作者：Yuanming Zhang, Yan Lin, Arijit Khan, Huaiyu Wan
摘要：提示符是一种自然语言指令，它为大型语言模型（LLM）定义了特定的任务，并作为人类与LLM交互的主要界面。随着LLM的部署越来越多，各种提示数据集正在从GitHub和社交媒体等平台中涌现。这些数据集涵盖了广泛的应用程序和内容类型，促进了更广泛的LLM利用率和改进的即时工程。在这项工作中，我们第一次编制了一个广泛的来自各种渠道的提示数据集列表，代表了下游任务，语言，工程技术，属性和模式的范围。我们选择了具有代表性的关键数据集进行系统分析，揭示了不同类别的提示构建的共性和差异，将它们与其他文本语料库（如文学和网络）区分开来。我们进一步提出了一个及时的优化方法，利用语法嵌入的词性和依存结构。通过识别提示的质心表示并引导LLM向该质心重写提示，我们的方法提高了模型输出的意义。我们已经提供了我们的数据集和代码。
摘要：A prompt is a natural language instruction that defines a specific task for a large language model (LLM) and serves as the primary interface for human-LLM interaction. With the growing deployment of LLMs, diverse prompt datasets are emerging from platforms such as GitHub and social media. These datasets span a wide array of applications and content types, facilitating both broader LLM utilization and improved prompt engineering. In this work, we--for the first time--have compiled an extensive list of prompt datasets sourced from various channels, representing a spectrum of downstream tasks, languages, engineering techniques, attributes, and modalities. We select key representative datasets for systematic analysis, revealing commonalities and differences in prompt construction across categories, distinguishing them from other text corpora like literature and web. We further propose a prompt optimization approach that leverages syntactic embeddings of part-of-speech and dependency structures. By identifying a centroid representation of prompts and guiding LLMs to rewrite prompts toward this centroid, our method improves the meaningfulness of model outputs. We have made our datasets and code available.

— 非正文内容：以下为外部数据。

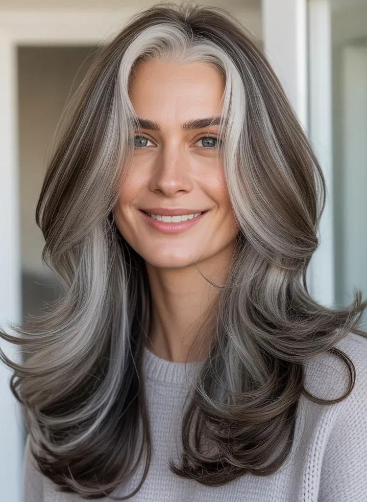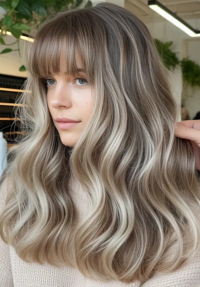 Voluminous mushroom brown hair with buttery highlights is a rich, eye-catching color that blends cool depth with soft warmth. The smoky mushroom brown base creates a polished, modern foundation while buttery highlights add a creamy glow that enhances volume and movement. This contrast makes fine or medium hair appear fuller and more dimensional, especially when styled with layers or loose waves.

【21】ShiZhi: A Chinese Lightweight Large Language Model for Court View Generation
标题：释志：法庭视图生成的中文轻量级大语言模型
链接：https://arxiv.org/abs/2510.09297

作者：Zhitian Hou, Kun Zeng
摘要：刑事法庭视图生成（CVG）是法律人工智能中的一项基本任务，旨在自动生成法律案件文档的“法庭视图”部分。由于案件事实的多样性和复杂性，生成法院意见具有挑战性，直接从原始事实生成可能会限制性能。在本文中，我们提出了Shizhi，第一个大型语言模型（LLM）专门设计用于法院视图生成。我们构建了一个中国法院观点生成数据集CCVG，其中包含超过11万个案例，每个案例都包含与相应法院观点配对的事实描述。基于该数据集，史志在球场视图生成上达到了58.5BLEU-1，在收费预测上达到了86.1%的准确率和92.5%的宏F1。实验结果表明，即使是一个小的LLM可以生成合理的和法律上一致的法院意见时，训练高质量的特定领域的数据。我们的模型和数据集可以在\href{https：//github.com/ZhitianHou/ShiZhi}{https：//github.com/ZhitianHou/ShiZhi}上找到。
摘要：Criminal Court View Generation (CVG) is a fundamental task in legal artificial intelligence, aiming to automatically generate the "Court View" section of a legal case document. Generating court views is challenging due to the diversity and complexity of case facts, and directly generating from raw facts may limit performance. In this paper, we present ShiZhi, the first large language model (LLM) specifically designed for court view generation. We construct a Chinese Court View Generation dataset, CCVG, of more than 110K cases, each containing fact descriptions paired with corresponding court views. Based on this dataset, ShiZhi achieving 58.5 BLEU-1 on court view generation and 86.1\% accuracy with 92.5\% macro F1 on charge prediction. Experimental results demonstrate that even a small LLM can generate reasonable and legally coherent court views when trained on high-quality domain-specific data. Our model and dataset are available at \href{https://github.com/ZhitianHou/ShiZhi}{https://github.com/ZhitianHou/ShiZhi}.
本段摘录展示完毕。